You influenced me to place a few orders for the Seeed gear and I’m excited to see how you go with the initial testing and who knows you may want to expand into the other Seeed gear as I see the XIAO dev boards come with different chips and the Seeed XIAO BLE nRF52840 Sense version has me super interested as it uses a chip from Nordic Semiconductor who specialise in all things LE BLE, Wireless and IoT prototyping which is remarkable for such a small form factor and the specs are impressive as are the ESP32-C3 board!
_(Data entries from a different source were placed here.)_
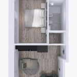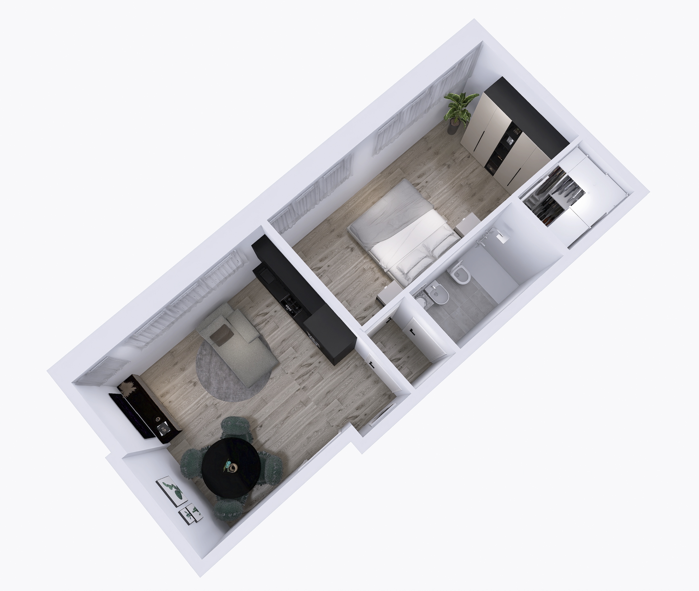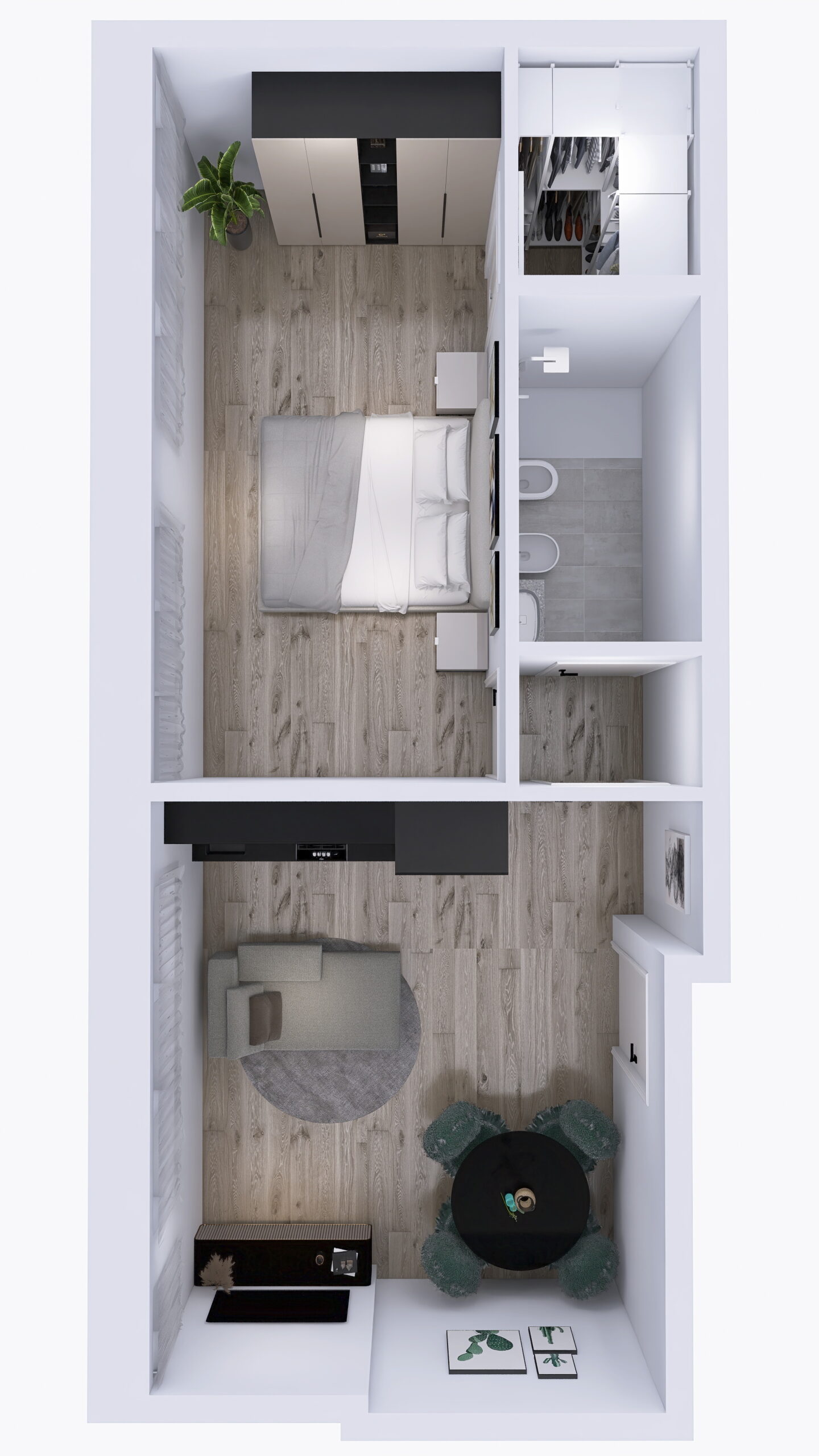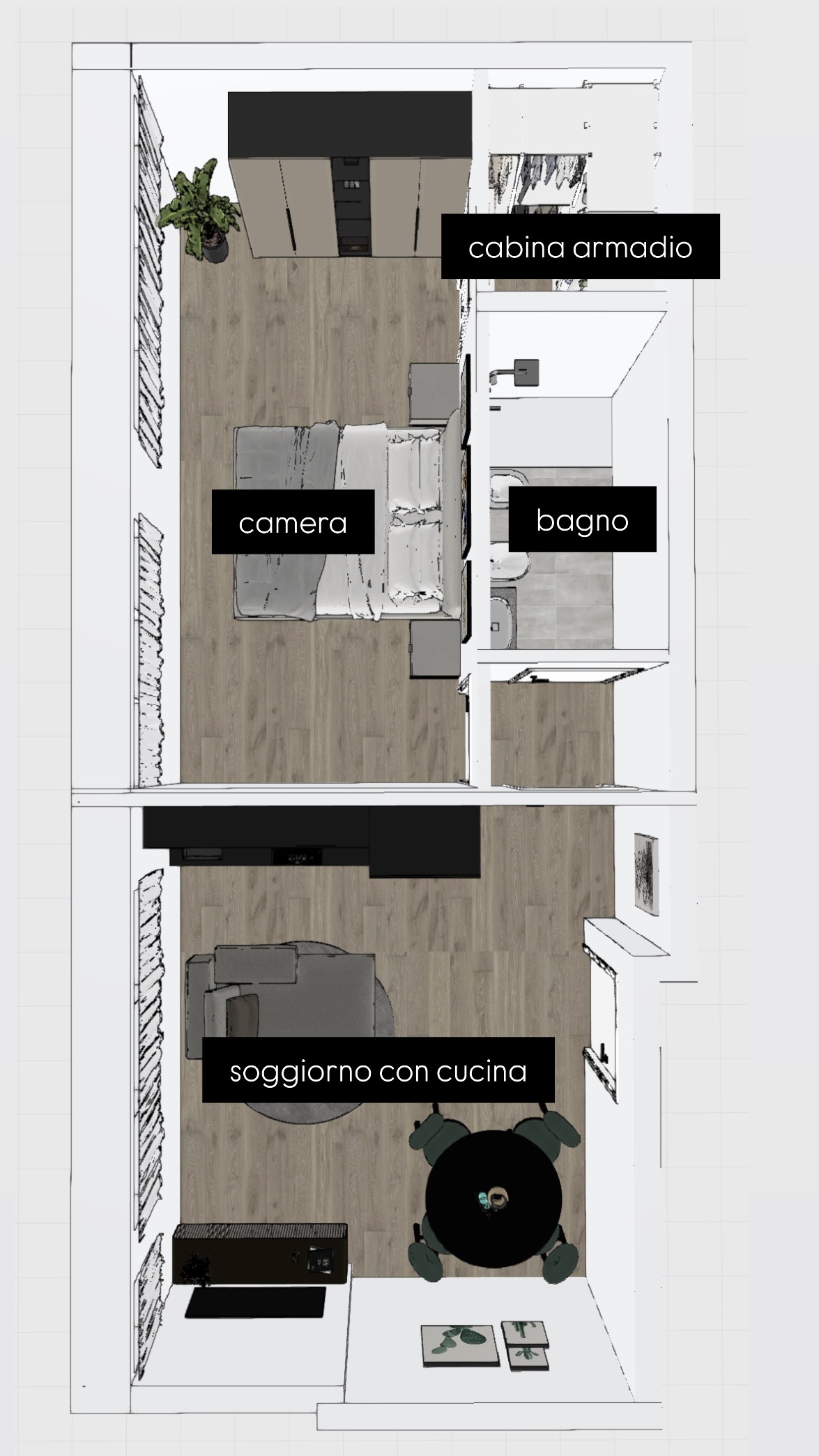 UNITA’ 5 – l’immobile è composto da ingresso, soggiorno con cucina a vista, ampia camera da letto, cabina armadio e bagno con doccia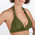 Раздельный купальник "бикини" насыщенного зеленого цвета из лоснящегося, приятного на ощупь материала будет прекрасно смотреться на загорелой коже. Лиф завязывается на шее и спине. Треугольные чашечки идеально подойдут женщинам с большой грудью. Трусики слипы.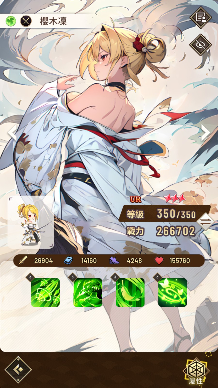 后者樱木凛则完全相反,她是输出最高的战士,但也是最软的一个。全身上下毫无任何防御性能力,但特色是主动技用完后会加速回填,可以施放比别人多上一两次的主动技能,对有坦克角色的玩家非常值得一用。
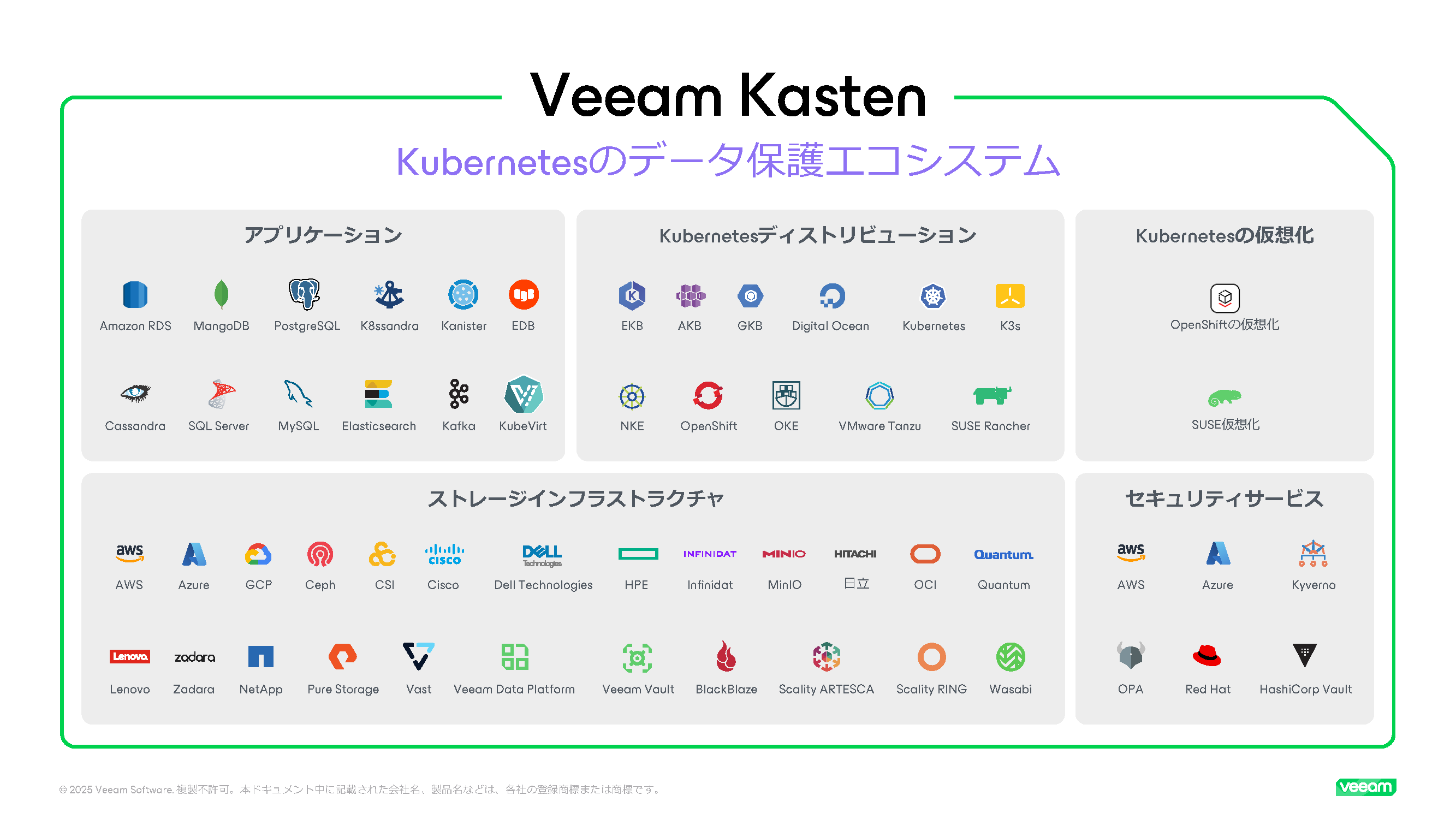 VMware(ヴイエムウェア)からの移行、仮想化のモダナイゼーション、AIパイプラインのセキュリティ強化、Kubernetes(クバネティス)バックアップ戦略の更新など、どのような状況でも、Veeam Kasten(ヴィーム・カステン)はお客様の現状に寄り添い、必要な場所へと導きます。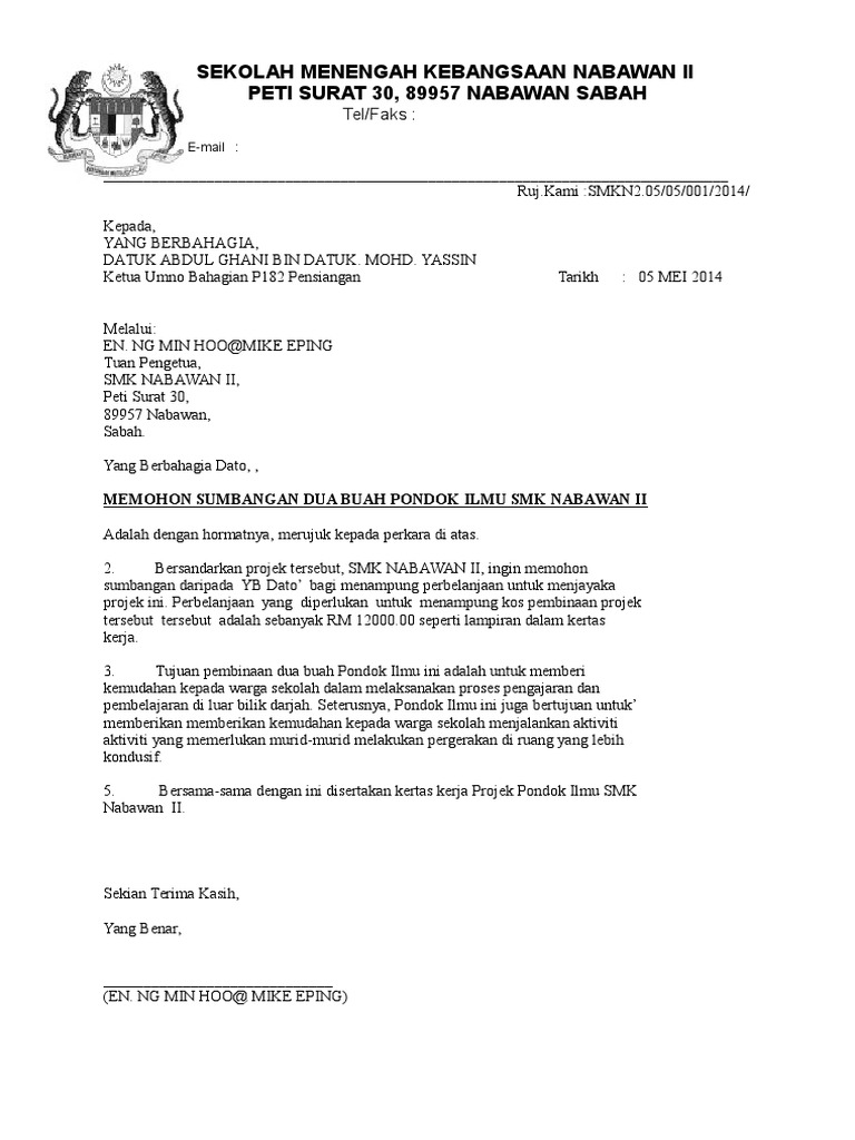 Contoh Surat Rasmi Memohon Sumbangan Wang Surat Rasmi 1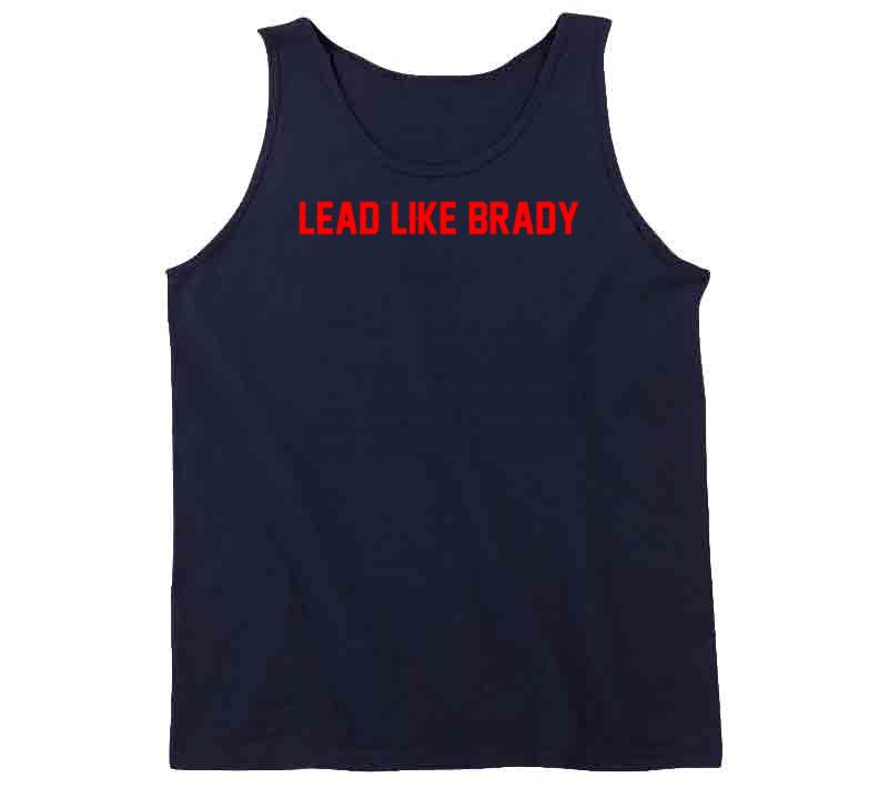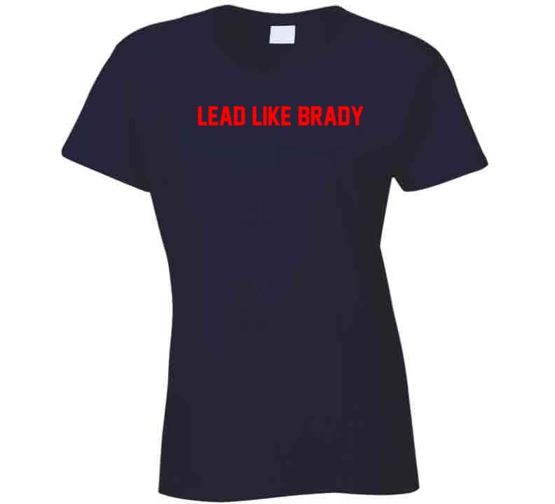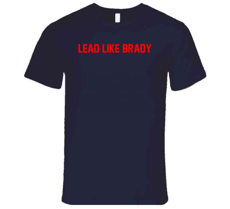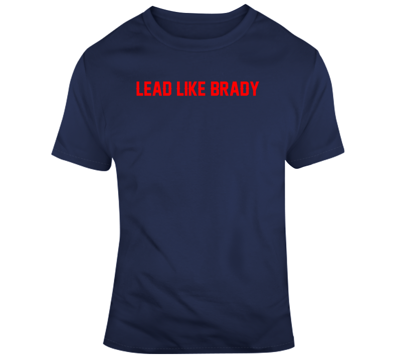 Lead Like Brady Tom Brady New England Football Fan T Shirt is available on a Navy 100% Cotton Tshirt. The Lead Like Brady Tom Brady New England Football Fan T Shirt is available in all sizes. Please select your desired shirt style and size from the drop down above.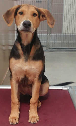 This male cattle dog-hound mix is in kennel No. 31, ID No. 8462. Photo courtesy of Lake County Animal Care and Control. Cattle dog-hound mix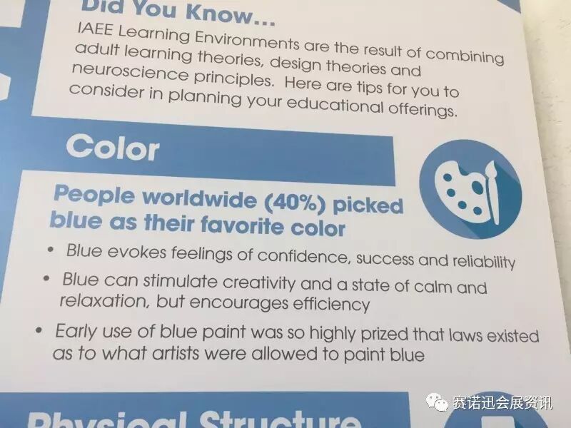 我在IAEE(国际展览及活动业协会)年会曾看到主办方团队非常深入的举措。下图出现的位置是在IAEE年会多个分会场的门外,解释的是色彩对于人脑及人体感受的影响,信息中还有这样的文字“软的座椅会让人更愿意呆的更久一些”。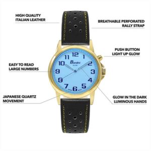 Bandini Mens Glow Watch – Leather Rally Strap – 38mm Analog Men’s Easy to Read Watch with Light, Light Up Watches, Quartz, White Dial, Big Numbers, Glow in Dark Hands – Gold Tone / Black and Yellow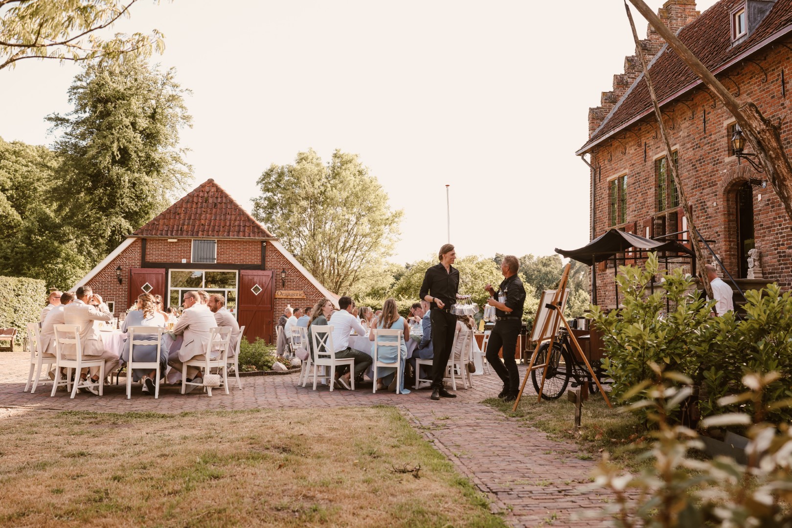 Voor een nog grotere buiten setting kan het terrein worden omgetoverd tot een avondfestival. Denk aan lichtslingers, verschillende kleine muziek- of loungehoekjes, food stations en een ongedwongen sfeer waarin gasten vrij kunnen rondlopen en genieten. De boomgaard, het grasveld en de ruimte rondom het kasteel vormen samen een decor dat uitnodigt tot een lange, zomerse avond waarin iedereen zijn eigen moment kan vinden.
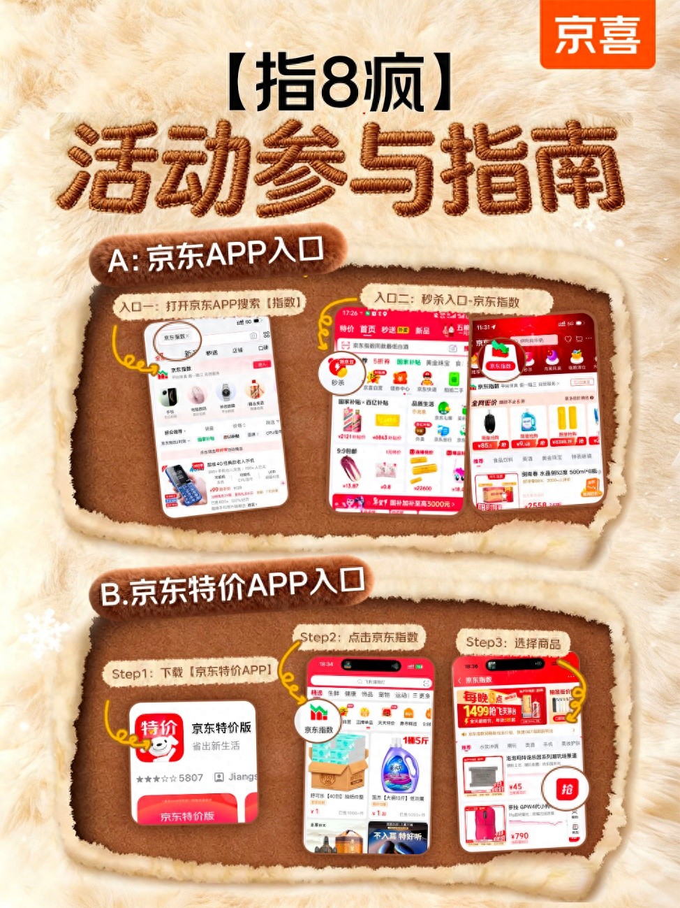 春节将至,京东指数为用户带来更实惠的年货好礼,打开京东APP搜索“指数”进入“京东指数”页面;或打开京东特价版APP,首页即有“京东指数”频道。

I promise I’ll stop bugging you as I’m a bad influence and the last thing you need is the wife quizzing you about the unplanned technology purchases LOL…

Алексей
Алексей
1 year ago
Reply to  Razor Burn

Огромное тебе спасибо! Пол дня потратил на данное действие. Но стоило мне прочесть тебя, как всё встало на свои места. Я вытщил флэшку и вау ля! Всё работает!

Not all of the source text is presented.